I’m sure that for every reason I could give to go with a chainsaw mill others could give just as good a reason to get a bandmill. Just think (a lot) about your needs and which will best fill those.


----------



## Derik (Oct 8, 2018)

Bandsaw mill is quite a bit more expensive too it seems, even the starter mills, that's a considering factor. For something I want to use for my own benefit, it's rather difficult to verify spending 4-7k on a mill. 

I couldn't really sell lumber considering there's a sawmill about 30 minutes away from me. They are expensive, they're a permanent mill so you would have to bring the wood to them. 

Considering what everyone has mentioned, I'm leaning towards the chainsaw mill. 

I was planning on building an overhead shed, where I can mill out of the weather and use it for stacking and drying out. 

Bmac, cutting the lumber 9/4 is a great idea. Mesquite doesn't move much even while drying, but I'll do the same.


----------



## Bmac (Oct 8, 2018)

Derik, what kind of wood working do you do? 

I find that milling anything over 8 feet long is just a pain, as I seldom ever need lumber that long for my wood working projects. 
The shorter length lets me move the boards, stack the boards and etc much more easily. I even mill quite a few logs shorter than 8 feet. 

Remember to seal the ends, don't skimp and use old paint, do yourself a favor and use anchorseal.


----------



## Derik (Oct 8, 2018)

Bmac said:


> Derik, what kind of wood working do you do?
> 
> I find that milling anything over 8 feet long is just a pain, as I seldom ever need lumber that long for my wood working projects.
> The shorter length lets me move the boards, stack the boards and etc much more easily.
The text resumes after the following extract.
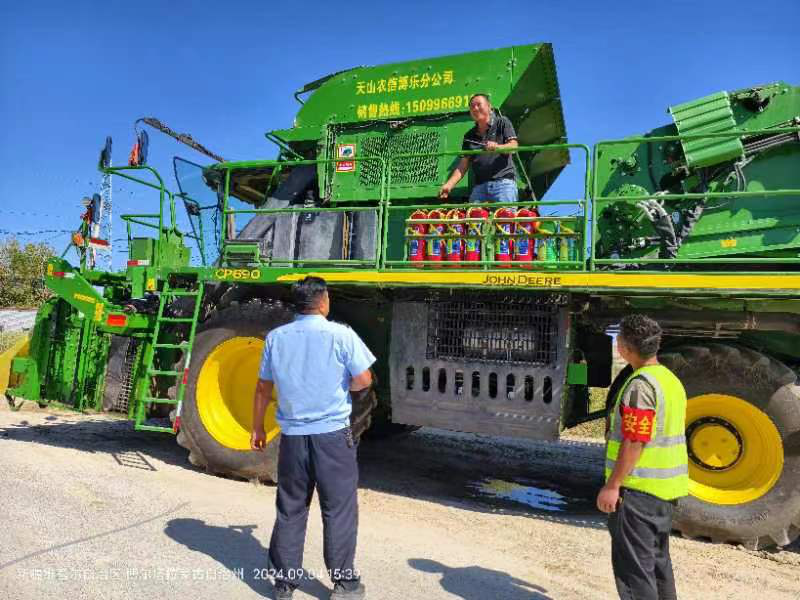 9月4日,乌图布拉格镇共审验各类农机40台,其中采棉机12台,审验中,工作人员对每台采棉机的外观、制动、转向、刹车、摘锭、脱棉盘、毛刷、液压油路、照明系统、采摘系统、反光膜张贴、消防设施等进行了详细检验。并现场对参加审验的驾驶员进行了安全教育和培训,确保农机工人正确使用采棉机,减少采收故障,高标准、高质量、高效率、无安全生产事故地完成今年的机采任务。

I even mill quite a few logs shorter than 8 feet.
> ...



Mostly woodturning. But I'm making small tables, benches, stuff like that


----------



## Bmac (Oct 8, 2018)

If that's the case than I would mill shorter logs. 
Milling shorter logs is also easier on your saw as you don't have to run it wide open as long.


----------



## Derik (Oct 8, 2018)

Bmac said:


> If that's the case than I would mill shorter logs.
> Milling shorter logs is also easier on your saw as you don't have to run it wide open as long.



I would probably be working 5' logs. Maybe a bit longer than that. Is that confirmation to pull for the chainsaw mill?

I was talking with a buddy earlier, he tried a chainsaw mill and it walked on him. Cut crooked and dived


----------



## Bmac (Oct 8, 2018)

It's my understanding that the bandsaw mills do have some trouble with shorter logs, no firsthand knowledge, but it is what I've heard.

My experience, and I'm sure many others on here would agree, is that with some practice and the right stuff, a chainsaw mill will cut very accurately. I'm amazed at the lumber I can produce with my chainsaw mill, but it does take some trial and error to master it.


----------



## Derik (Oct 8, 2018)

Bmac said:


> It's my understanding that the bandsaw mills do have some trouble with shorter logs, no firsthand knowledge, but it is what I've heard.
> 
> My experience, and I'm sure many others on here would agree, is that with some practice and the right stuff, a chainsaw mill will cut very accurately. I'm amazed at the lumber I can produce with my chainsaw mill, but it does take some trial and error to master it.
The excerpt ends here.